A 31-year-old education consultant in northern China who advises families on overseas study told me that parents who had once aspired to Ivy League degrees for their children now saw America as “too chaotic.” A decade ago, more than 80% of his students considered the United States for study abroad, said the consultant, who asked me to use only his family name, Wang, for fear of government retribution. Now, he estimated, the figure has fallen to 45%.

Wang described watching footage of the Jan. 6, 2021, attack on the U.S. Capitol and finding himself thinking of the Red Guards that Mao Zedong dispatched to tear apart China’s institutions during the Cultural Revolution. That feeling returned more insistently with the immigration raids and the targeting of perceived enemies during Trump’s second term.

“The America that represented wealth, freedom and institutional confidence feels like it belonged to a different era,” Wang said.

Among China’s foreign policy analysts, the conversation has turned to what Beijing can gain from the bilateral relationship, which has become more transactional under Trump than under President Joe Biden.

“Only China can save Trump,” said Huang Jing, a professor at Shanghai International Studies University, during a media event that was livestreamed in late 2025. With the U.S. midterm elections approaching, he argued, Trump needed visible wins such as Chinese purchases of American soybeans, corn, and natural gas that could play well in swing states.

“Since Trump,” Huang said at the event, “the United States has become increasingly prone to compromise.”

Wu Xinbo, a leading U.S. studies scholar at Fudan University, offered a similar assessment. If Republicans lose control of the House this fall, he said at the same event, Trump is likely to pivot toward his foreign policy legacy, creating space for a larger accommodation with Beijing.

China, he said, “should make good use of this opportunity.”

The war in Iran has reinforced the view that China has the upper hand with Trump. At a conference in late April, Wu argued that the war reduced Washington’s leverage against China while increasing Beijing’s by consuming U.S. military and diplomatic attention in the Middle East.

The logic helps explain why China’s official language regarding Trump has often been less hostile than it was regarding Biden. According to a project by the Tracking People’s Daily newsletter, which used artificial intelligence to analyze nearly 7,000 Chinese official statements since 2021, Biden was presented as a more systemic threat — so serious that Xi accused Washington of “encirclement and suppression,” unusually confrontational language for a Chinese leader.

By contrast, the study noted, “Trump’s transactionalism is something Beijing understands and can work with.”

Yet belief in U.S. decline has not translated into aggressive Chinese foreign policy, at least not the kind of overt geopolitical gamble that Russia made before invading Ukraine.

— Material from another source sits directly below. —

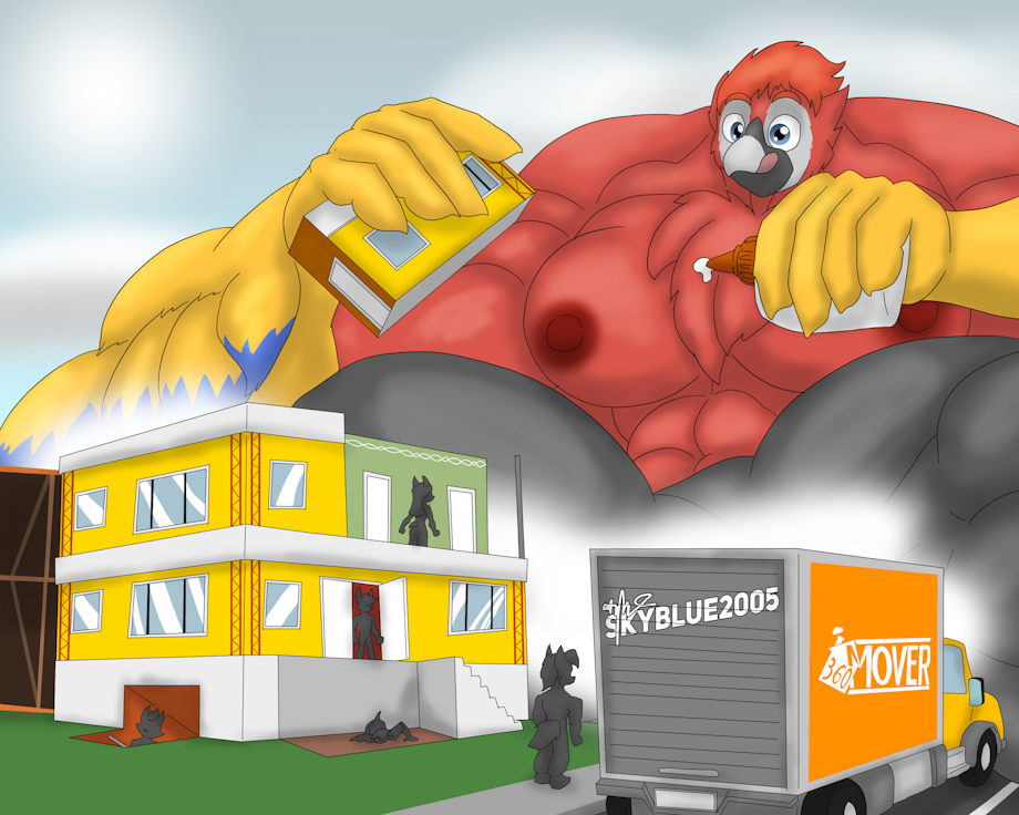 The 13th take on Everyday Bodybuilders, featuring Johnny Norman (in his parrot form), now a giant overlooking the humble suburbs, decides to help build few houses with a couple lot of premade modules, though how he sticks such modules to complete houses seems much questionable to those watching him from the ground. This entry is also made to commemorate the Macro March this year.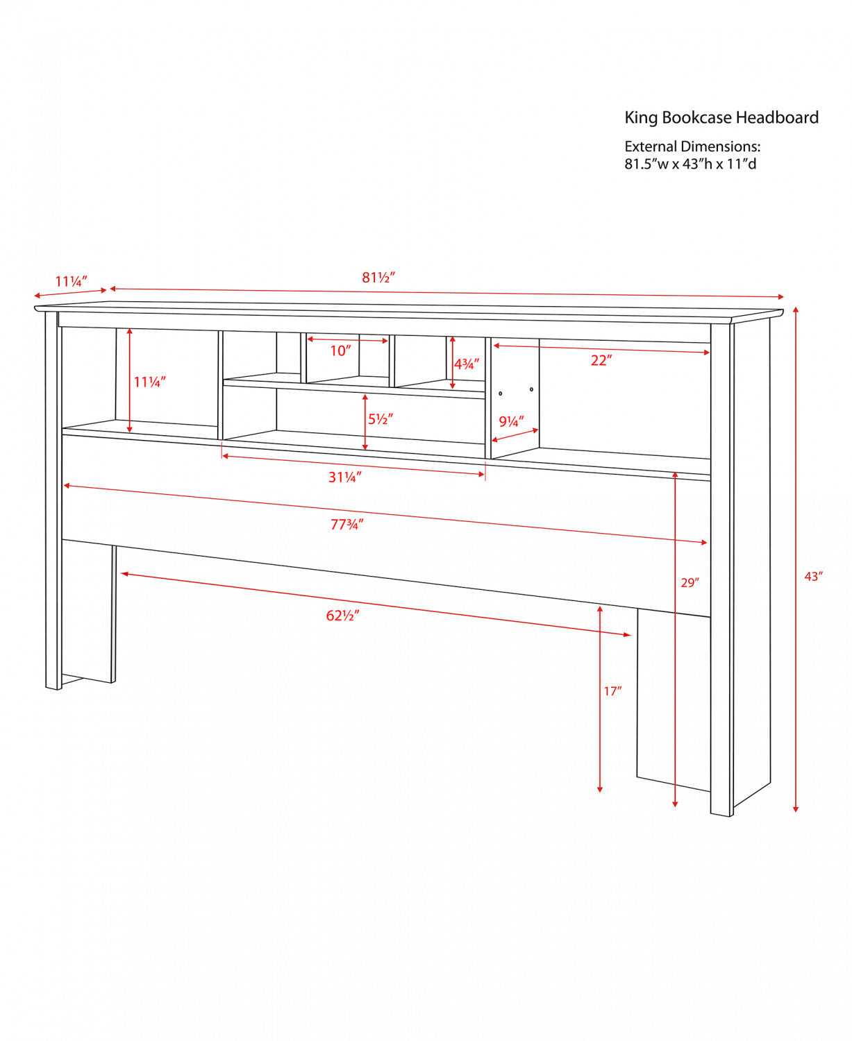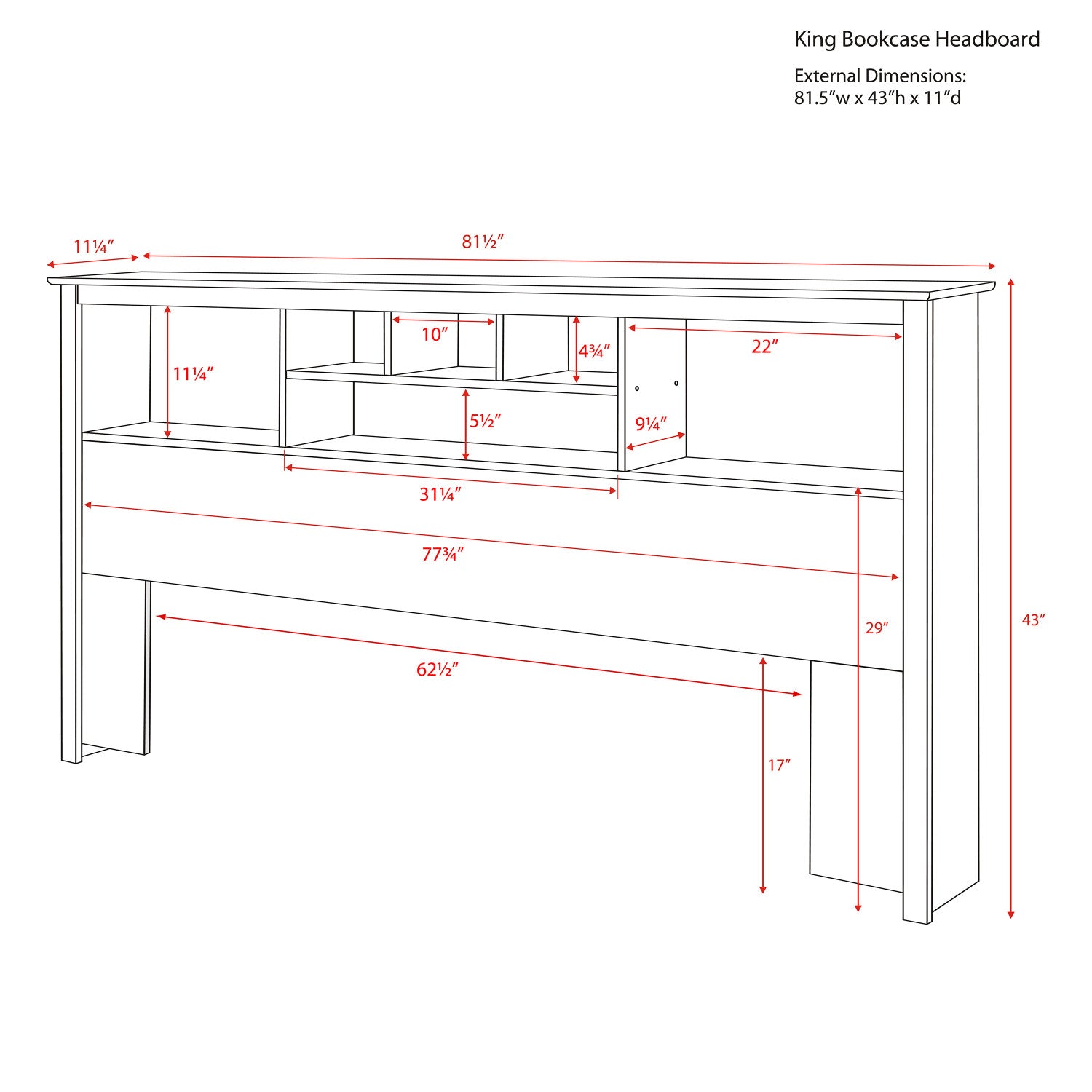 Width: 81.5" (207.0 cm) Height: 43" (109.2 cm) Depth: 11" (27.9 cm)

China has become more assertive, pressuring U.S. allies, expanding military activity around Taiwan and restricting rare-earth exports in response to Trump’s tariffs. But even as China advances the idea of the decline of American power, it appears wary of directly confronting what many Chinese analysts describe as a still dangerous superpower.

Two factors play into this circumspection. First, many Chinese strategists believe Beijing can do better by sitting back while the Trump administration fumbles. Second, an unstable and distracted United States may also be a more unpredictable one.

China’s export-dependent economy needs a stable international order to function. An erratic United States threatens that stability in ways a confident, predictable America never did, Zongyuan Zoe Liu, an economist at the Council for Foreign Relations, told me.

Xi “is getting the United States he always wanted,” she said, “and the America he most feared at the same time.”